I’ve made no secret of the fact that I have been struggling to work on my new project and I finally accepted the fact that I needed to step away from it and reconsider what I’m going to do. But I needed to do something creative to fill the space not writing has left.

So, over the last 3-4 weeks, I’ve been working with my hands. My husband and I have been doing a major (for us) landscaping project. We have limited outdoor space and we’ve been trying over the years to make it into something that we can really enjoy but, because of the odd placement, the way the sun hits it, a bunch of other factors, everything we’ve tried has eventually failed. It’s succumbed to poor planning, weeds, the drought, etc.

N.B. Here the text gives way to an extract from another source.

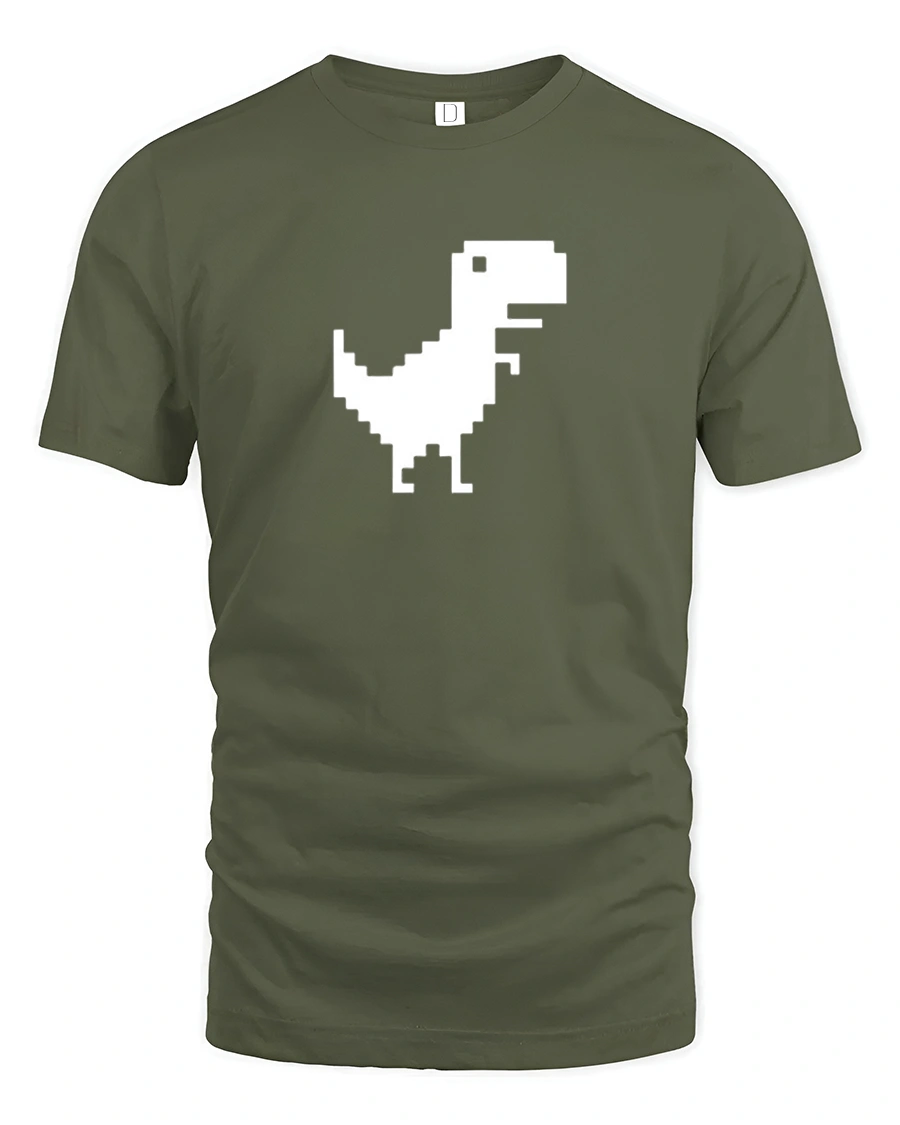 Pixel Dinosaur Offline Chrome Dino Funny Retro Gaming T Shirt - military green t-shirt on white background

We decided this time we were going to do it right. I knew the reason we hadn’t done it “right” before was because it was going to be so hard. Like, physically hard. Hard, back breaking work. And I was right; it has been painfully hard.

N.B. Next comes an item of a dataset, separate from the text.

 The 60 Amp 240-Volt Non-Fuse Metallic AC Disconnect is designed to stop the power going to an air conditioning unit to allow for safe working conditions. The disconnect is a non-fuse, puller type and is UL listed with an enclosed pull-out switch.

We’ve torn down the termite damaged wooden structure. Shoveled at least a dozen wheel-barrels full of dirt. Dug out massive, hidden chunks of cement. Built garden boxes. Dug a 3.5 foot post hole and cemented a new post in. Spent long hours into last Saturday night laying out 35 sixty pound pavers. And we’re still not done. The good news is, we’re done with the heavy labor. The stuff that made my back and hands ache for days, it’s all done. We’re down to small things, like making it pretty, and building a bench to finish it. Not easy, necessarily, but not 35 sixty pound pavers either.

I made it a point to pull equal weight to my husband–not leaving all the hard, heavy things for him to do. Yes, he definitely lifted more pavers than I did, but I made sure I shoveled more dirt than he did. I wanted this to be an even division of labor. When I sit out there with a cup of coffee and my outline, I want to feel the same amount of accomplishment as he will.

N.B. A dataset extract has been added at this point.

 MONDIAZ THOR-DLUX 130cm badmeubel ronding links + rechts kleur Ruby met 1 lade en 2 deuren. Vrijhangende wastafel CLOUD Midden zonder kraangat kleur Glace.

And, Sunday morning, when we woke up and walked outside to get a good look at what we’d finished the night before in the light of day, I finally felt relief. We’d done something and we could actually see the progress finally. It was the same feeling I get when I get hit the 3/4 mark in a manuscript. It’s not quite done, but damn, I have made it through the difficult parts and the end is in sight. And, if I focus, I know I can finish the last couple of chapters fast and furiously.

We did hit a roadblock and an idea we had to make it pretty completely crashed and burned. And I was really upset about it. It wasn’t an expensive letdown but it was something we’d put a lot of time into and it just didn’t workout and all I could think about was all that time and energy wasted. But that’s something we face in writing all the time. Sometimes you write a whole book only to realize at the end, that book isn’t going to be published. It wasn’t right or good or something. But we have to put it in a drawer and let it go and start something new. So I let that frustration go, tossed the ruined materials and marched back down to the hardware store today and got new supplies. And you know what? This is going to be 100% better than that scrapped idea and now I know that. In all actuality, I couldn’t have known our first idea wasn’t going to work until we tried it. Which, again, is a lot like figuring out a book. All you can do is try and fail and try again until you figure it out and get it right.

I don’t know for sure, but something in my gut is telling me, when this project is done, I might be able to get back to the book. I’ve been thinking about it more and more and with less dread and disappointment. Maybe doing something creative and difficult that wasn’t writing was just the thing I needed to unblock my water source. Maybe my well is filling back up. Or maybe I needed to be reminded that I can create things from scratch so I can do it again.

So if you’re stuck, maybe do something else with your creativity. Create something else, watch it form from your hands, and remember you’re an amazing artist who deserves time away from the pages and keys and voices. Quell that guilt.

(And yes, I have been taking progress pictures, I just haven’t posted them. I want the whole thing done before I post anything so you really get the full effect of the transformation.)

Doing What You Love

There’s a saying I hear a lot as a writer that I’ve come to really hate. It goes: make a career of something you love and you’ll never work a day in your life.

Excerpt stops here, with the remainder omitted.